Economics has been an empirical social science since Adam Smith (1723–1790). Many numerical observations and anecdotes were scattered in his Wealth of Nations published in 1776. Ragnar Frisch (1895–1973) and Jan Tinbergen (1903--1994), two pioneer econometricians, were awarded in 1969 the first Nobel Prize in economics. Econometrics provides quantitative insights about economic data. It flourishes in real-world management practices, from households and firms up to governance at the global level. Today, the big data revolution is pumping fresh energy into research and exercises of econometric methods. The mathematical foundation of econometric theory is built on probability theory as well.
2.2 Axiomatic Probability
Human beings are awed by uncertainty in daily life. In the old days, Egyptians consulted oracles, Hebrews inquired prophets, and Chinese counted on diviners to interpret tortoise shell or bone cracks. Fortunetellers are abundant in today’s Hong Kong.
Probability theory is a philosophy about uncertainty. Over centuries, mathematicians strove to contribute to the understanding of randomness. As measure theory matured in the early 20th century, Andrey Kolmogorov (1903-1987) built the edifice of modern probability theory in his monograph published in 1933. The formal mathematical language is a system that allows rigorous explorations which have made fruitful advancements, and is now widely accepted in academic and industrial research.
In this lecture, we will briefly introduce the axiomatic probability theory along with familiar results covered in undergraduate probability and statistics.
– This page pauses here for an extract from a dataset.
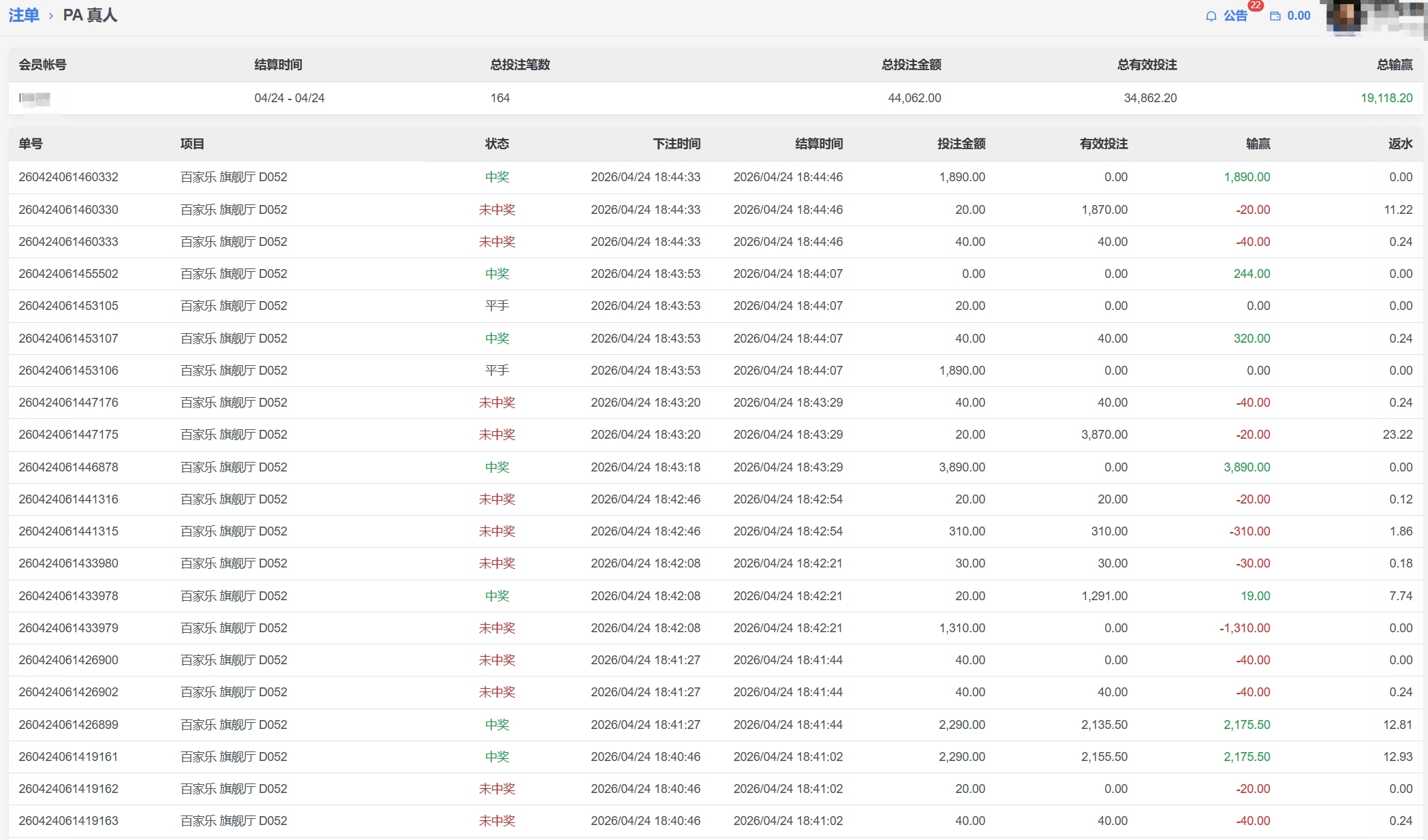 PA 真人 会員l****百家 单日盈利19118

This lecture note is at the level
Hansen (2020): Introduction to Econometrics, or
Stachurski (2016): A Primer in Econometric Theory, or
Casella and Berger (2002): Statistical Inference (second edition)
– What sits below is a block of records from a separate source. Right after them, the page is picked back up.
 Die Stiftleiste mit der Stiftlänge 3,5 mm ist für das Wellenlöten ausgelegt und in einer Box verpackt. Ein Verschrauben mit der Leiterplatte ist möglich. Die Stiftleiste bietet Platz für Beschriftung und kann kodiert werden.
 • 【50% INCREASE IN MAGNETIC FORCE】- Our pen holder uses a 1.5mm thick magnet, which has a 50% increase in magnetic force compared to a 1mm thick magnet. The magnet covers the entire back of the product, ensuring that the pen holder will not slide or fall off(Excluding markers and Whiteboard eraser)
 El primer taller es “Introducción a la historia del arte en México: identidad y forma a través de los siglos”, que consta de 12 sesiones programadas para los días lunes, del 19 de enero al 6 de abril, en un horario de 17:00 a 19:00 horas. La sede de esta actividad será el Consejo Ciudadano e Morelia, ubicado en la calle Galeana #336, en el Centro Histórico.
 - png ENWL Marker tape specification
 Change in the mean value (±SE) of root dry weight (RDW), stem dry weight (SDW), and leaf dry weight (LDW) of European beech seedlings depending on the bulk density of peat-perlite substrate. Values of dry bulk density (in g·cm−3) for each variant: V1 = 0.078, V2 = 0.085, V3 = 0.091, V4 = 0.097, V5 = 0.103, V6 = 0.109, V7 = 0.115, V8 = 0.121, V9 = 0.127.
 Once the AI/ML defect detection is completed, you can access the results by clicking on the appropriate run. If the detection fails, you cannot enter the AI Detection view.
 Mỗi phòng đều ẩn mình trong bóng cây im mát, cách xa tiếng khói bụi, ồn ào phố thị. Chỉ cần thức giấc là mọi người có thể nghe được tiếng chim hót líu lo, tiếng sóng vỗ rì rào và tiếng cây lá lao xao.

Interested readers may want to read this textbook for more examples.
2.2.1 Probability Space
A sample space \(\Omega\) is a collection of all possible outcomes. It is a set of things. An event \(A\) is a subset of \(\Omega\). It is something of interest on the sample space. A \(\sigma\)-field, denoted by \(\mathcal{F}\), is a collection of events such that
\(\emptyset\in\mathcal{F}\);
if an event \(A\in\mathcal{F}\), then \(A^{c}\in\mathcal{F}\);
if \(A_{i}\in\mathcal{F}\) for \(i\in\mathbb{N}\), then \(\bigcup_{i\in\mathbb{N}}A_{i}\in\mathcal{F}\).
Implications: (a) Since \(\Omega=\emptyset^{c}\in\mathcal{F}\), we have \(\Omega\in\mathcal{F}\). (b) If \(A_{i}\in\mathcal{F}\) for \(i\in\mathbb{N}\), then \(A_{i}^{c}\in\mathcal{F}\) for \(i\in\mathbb{N}\). Thus, if \(\bigcup_{i\in\mathbb{N}}A_{i}^{c}\in\mathcal{F}\) , then \(\bigcap_{i\in\mathbb{N}}A_{i}=(\bigcup_{i\in\mathbb{N}}A_{i}^{c})^{c}\in\mathcal{F}\).
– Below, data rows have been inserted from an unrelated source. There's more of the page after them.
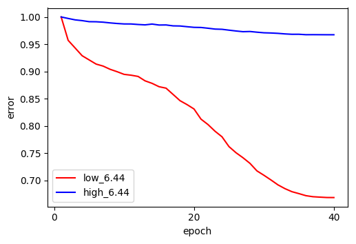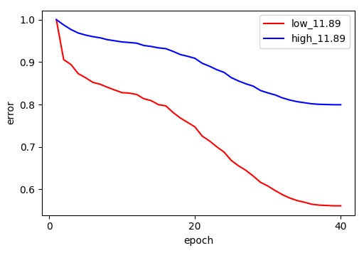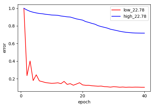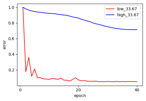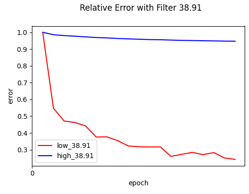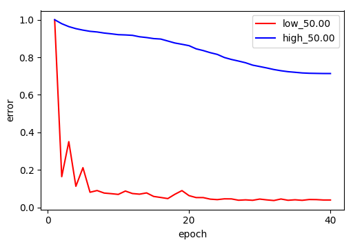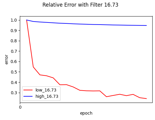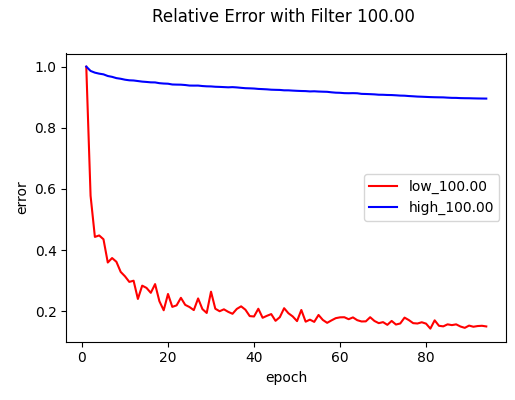 The results strongly support Frequency Principle. As shown in the figures, the low-frequency error (red) drops rapidly in the early epochs, while the high-frequency error (blue) remains stubbornly high and flat, across different $\delta$.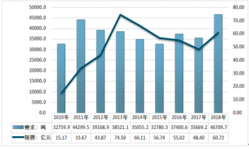 2010-2018年我國人參需求量及市場規(guī)模走勢
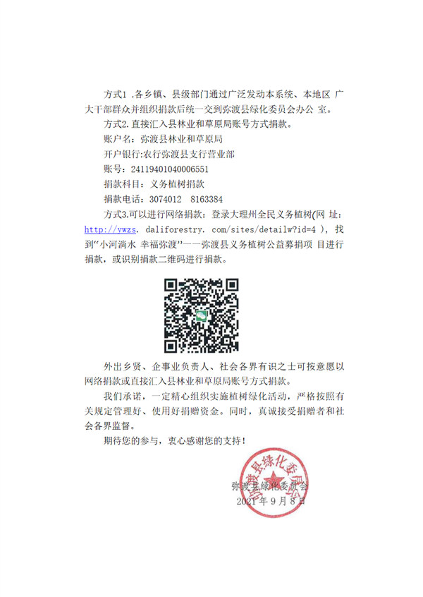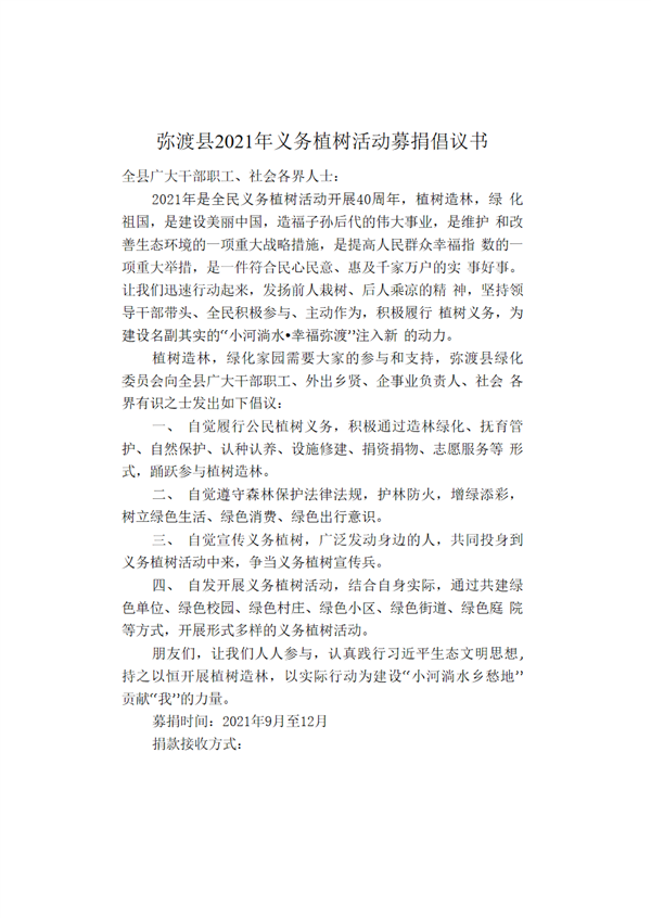 大理市彌渡縣2021年義務(wù)植樹活動募捐倡議書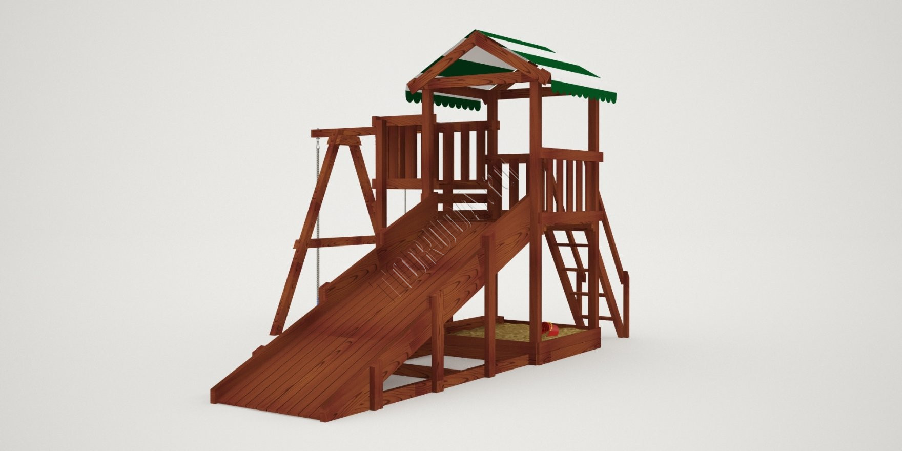 Также в модели есть еще один дополнительный канат для полноценного лазания – он расположен слева от качелей. Для любителей более спокойных игр предусмотрена песочница с удобной лавочкой для игральных принадлежностей.

- 1.1*. Intuitively, a \(\sigma\)-field is a pool which is closed for countable sets to conduct union, difference, and intersection operations. These are algebraic operations of sets. \(\sigma\)-field is also called \(\sigma\)-algebra.
Example 2.1 ** 1.1**. Let \(\Omega=\{1,2,3,4,5,6\}\). Some examples of \(\sigma\)-fields include
\(\mathcal{F}_{1}=\{\emptyset,\{1,2,3\},\{4,5,6\},\Omega\}\);
\(\mathcal{F}_{2}=\{\emptyset,\{1,3\},\{2,4,5,6\},\Omega\}\).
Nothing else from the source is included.